▸ **TASK TO COMPLETE**
An exact copy of the data is required; the images should not appear in it.

▸ **DATASET CONTENT**
-- Opening Marker --
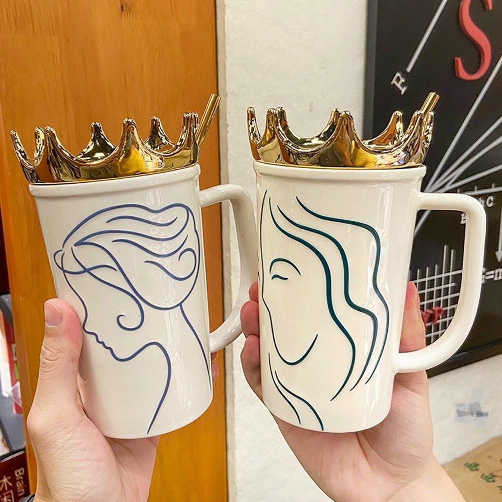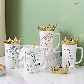 Mua tại TiktokCa sứ kèm ống hút inox vàng kim | Cốc sứ Hot Trend 2022 | Ca sứ có nắm đậy kèm ống hút Size To nắp Queen vương miệng
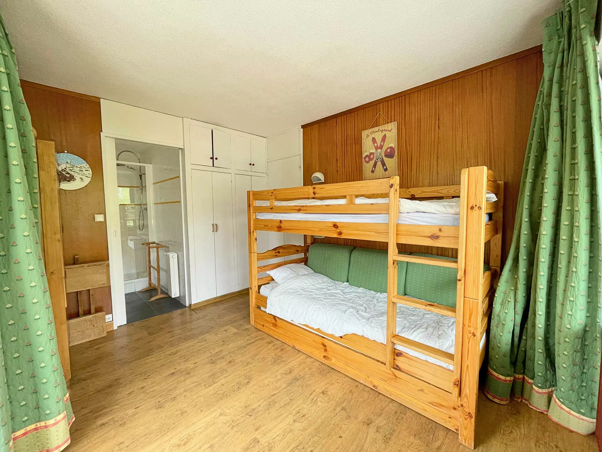 Chambre : 1 lit superposé (2x80cm), 1 lit tiroir 1 personne (80cm)
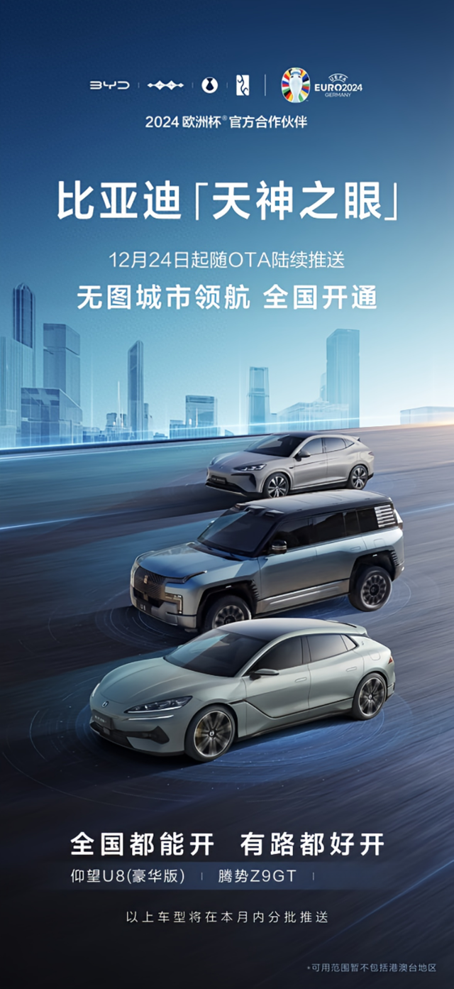 2024年12月24日,比亚迪迎来了一个重要的里程碑——其高阶智能驾驶辅助系统“天神之眼”开始陆续进行OTA推送,标志着无图城市领航(CNOA)功能在全国范围内的正式开通。作为新能源汽车领域的领军者,比亚迪一直致力于推动智能驾驶技术的发展。此次升级不仅提升了车辆的智能化水平,还为用户带来了更加便捷和安全的驾驶体验。接下来,我们将深入探讨比亚迪“天神之眼”及其无图城市领航功能的独特魅力。
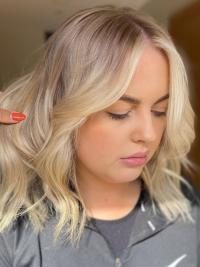 Shoulder-length waves add softness and movement to your hairstyle. The waves create an illusion of length, which helps to slim down a round face and distract from a double chin, giving you a balanced and elegant look.
-- Closing Marker --
▸ **ANSWER SPACE**
 Mua tại TiktokCa sứ kèm ống hút inox vàng kim | Cốc sứ Hot Trend 2022 | Ca sứ có nắm đậy kèm ống hút Size To nắp Queen vương miệng
 Chambre : 1 lit superposé (2x80cm), 1 lit tiroir 1 personne (80cm)
 2024年12月24日,比亚迪迎来了一个重要的里程碑——其高阶智能驾驶辅助系统“天神之眼”开始陆续进行OTA推送,标志着无图城市领航(CNOA)功能在全国范围内的正式开通。作为新能源汽车领域的领军者,比亚迪一直致力于推动智能驾驶技术的发展。此次升级不仅提升了车辆的智能化水平,还为用户带来了更加便捷和安全的驾驶体验。接下来,我们将深入探讨比亚迪“天神之眼”及其无图城市领航功能的独特魅力。
 Shoulder-length waves add softness and movement to your hairstyle. The waves create an illusion of length, which helps to slim down a round face and distract from a double chin, giving you a balanced and elegant look.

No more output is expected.